- WORK INSTRUCTIONS
Give back exactly the lines from the beginning of the listing below to the line holding "胸元とスカートにデザインされたリボンとフリルがガーリーなミニドレス。", both ends included; the pictures stay out.

- WORKING DATA
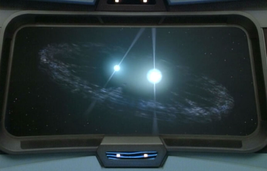 She arrives and sees on the viewscreen what Chakotay called her to see: two binary pulsars. Chakotay informs her of the extent of the combined gravitational pull: anything within fifty million kilometers is getting pulled in and destroyed. He informs her that Voyager is well out of range. Chakotay comments that they can still collect some invaluable data if they are careful but notices that she is not paying attention and the strain on her face from her headache is evident. She apologizes, puts the project in his hands and leaves the bridge.
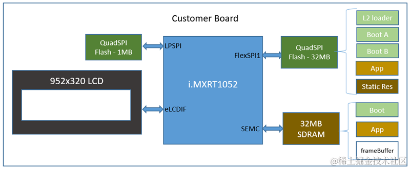 在描述问题前,首先给大家介绍下客户的项目设计,底下是客户硬件简图。客户选用的i.MXRT1052作为主控,挂载了两个QSPI Flash,FlexSPI接口连接的32MB Flash用于启动和存放静态图片资源(只需要读即可),LPSPI接口连接的1MB Flash用于存放运行时状态数据(需要读写),此外板子连接了一个显示屏,所以还挂载一片SDRAM用于显示缓存,其实SDRAM除了显示缓存功能之外,还用于执行App(QSPI Flash里的App会自加载到SDRAM执行)。
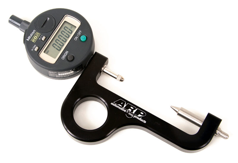 ARP highly recommends using a stretch gauge when installing rod bolts and other fasteners where it is possible to measure the length of the bolt after tightening. It is the most accurate way to determine the correct clamp load in the rod bolt. When the bolt has stretched the specified amount, the correct preload, or torque, has been applied. Our new digital stretch gauge offers precision to 0.0001˝ with an easy-to-read display.
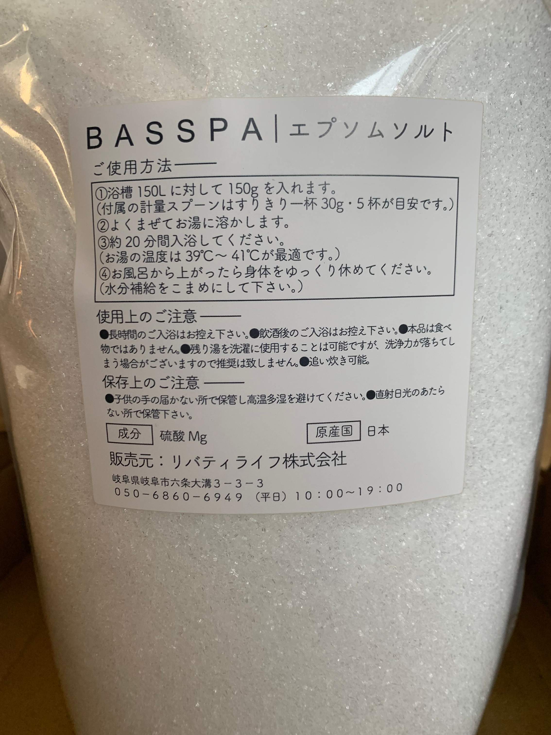 見た目は普通のバスソルトといった感じですが、3kgで1,690円(税込)とかなりコスパよし。
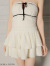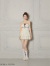 胸元とスカートにデザインされたリボンとフリルがガーリーなミニドレス。
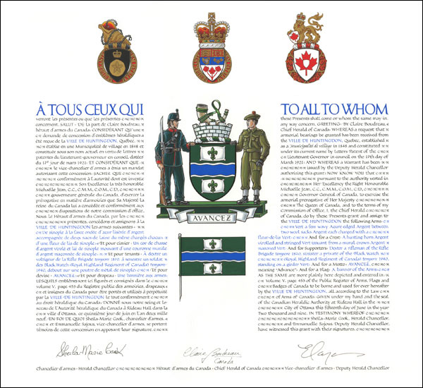 SupportsBlasonÀ dextre un voltigeur de la Rifle Brigade tempore 1870, à senestre un soldat des Black Watch (Royal Highland Regiment of Canada) tempore 1940, debout sur une poutre de métal de sinople; SymbolismeLe soldat de la Rifle Brigade évoque la menace d’invasion des Fenians en 1866 et 1870, lorsque des troupes de la garnison de Montréal se sont joints à la milice locale, les Huntingdon Borderers, afin de contrer les raids provenant de l’État de New York. Il honore également le prince Arthur (futur duc de Connaught), troisième fils de la reine Victoria, qui fut un lieutenant de la Rifle Brigade et qui était stationné à Montréal en 1870. Il se rendit à Huntingdon afin de saluer la victoire des troupes locales suite à leur victoire à la rivière Truite et y retourna une cinquantaine d’années plus tard, après avoir servit en tant que gouverneur général du Canada. Le soldat du régiment du Black Watch (Royal Highland Regiment of Canada) évoque la création d’un centre d’entraînement de l’armée à Huntingdon lors de la Seconde Guerre mondiale, où les officiers et les sous-officiers du régiment ont entraîné les premiers cadres. La ville d’Huntingdon attribua, pour cette raison, au Black Watch le droit de cité. La poutre verte en acier représente le pont Walker, qui a longtemps réuni la rive de Huntingdon et celle des cantons de Godmanchester et Hinchinbrooke. |

- OUTPUT FOR THIS EXERCISE
 She arrives and sees on the viewscreen what Chakotay called her to see: two binary pulsars. Chakotay informs her of the extent of the combined gravitational pull: anything within fifty million kilometers is getting pulled in and destroyed. He informs her that Voyager is well out of range. Chakotay comments that they can still collect some invaluable data if they are careful but notices that she is not paying attention and the strain on her face from her headache is evident. She apologizes, puts the project in his hands and leaves the bridge.
 在描述问题前,首先给大家介绍下客户的项目设计,底下是客户硬件简图。客户选用的i.MXRT1052作为主控,挂载了两个QSPI Flash,FlexSPI接口连接的32MB Flash用于启动和存放静态图片资源(只需要读即可),LPSPI接口连接的1MB Flash用于存放运行时状态数据(需要读写),此外板子连接了一个显示屏,所以还挂载一片SDRAM用于显示缓存,其实SDRAM除了显示缓存功能之外,还用于执行App(QSPI Flash里的App会自加载到SDRAM执行)。
 ARP highly recommends using a stretch gauge when installing rod bolts and other fasteners where it is possible to measure the length of the bolt after tightening. It is the most accurate way to determine the correct clamp load in the rod bolt. When the bolt has stretched the specified amount, the correct preload, or torque, has been applied. Our new digital stretch gauge offers precision to 0.0001˝ with an easy-to-read display.
 見た目は普通のバスソルトといった感じですが、3kgで1,690円(税込)とかなりコスパよし。
 胸元とスカートにデザインされたリボンとフリルがガーリーなミニドレス。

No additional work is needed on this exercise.